Step 4: Validate the payment.
After initiating the payment you would need to validate the transaction, validation is like authentication, essentially the customer is required to validate that he is the customer with the correct permissions to carry out the payment.
When validating transactions you need to take into account the authModelUsed and the chargeResponseMessage returned.
Scenario 1:
When
-
authModelUsed:PINyou would be asked to validate the transaction by asking the customer for the OTP sent to their registered(with the bank account) mobile number. -
chargeResponseMessage: You need to show this to the customer, it would come with the instructions needed to complete validation.
Scenario 2:
When
authModelUsed:VBVSECURECODEyou would be asked to validate by loading the authurl returned in an iframe, the customer would see a page with their bank's branding asking them to validate the transaction, once this is completed we would call yourredirect_urland append the response as query parameters.

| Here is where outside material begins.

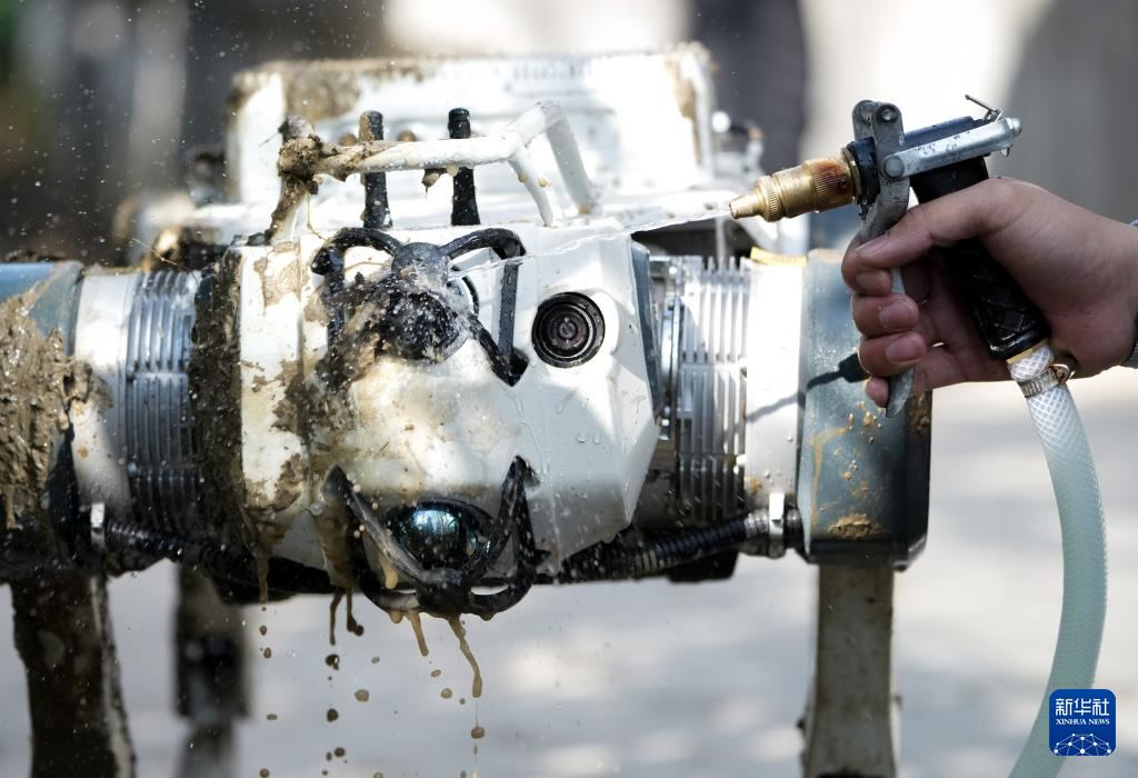 2月28日,杨俊在一场演示完毕后冲洗四足机器人。

NB: When validating a transaction with VBVSECURECODE as the auth model there would be no use of the /validatecharge endpoint.
To Validate a transaction, see how below:
https://api.ravepay.co/flwv3-pug/getpaidx/api/validatecharge
Sample Request:
curl --request POST \
--url https://api.ravepay.co/flwv3-pug/getpaidx/api/validatecharge \
--header 'content-type: application/json' \
--data '{"PBFPubKey":"FLWPUBK-7adb6177bd71dd43c2efa3f1229e3b7f-X","transaction_reference":"FLW-MOCK-ce3654ac725278c4e2b7700c3af1fab8","otp":12345}'
{
"PBFPubKey": "FLWPUBK-7adb6177bd71dd43c2efa3f1229e3b7f-X",
"transaction_reference": "FLW-MOCK-744927fe5cae22fddef891d1ee14ac7b",
"otp": "181971713"
}
-
PBFPubKey: This is your merchant public key. -
transaction_reference: This is theflwRefreturned in the Initiate payment response. -
otp: This is the one time pin inputed by the customer.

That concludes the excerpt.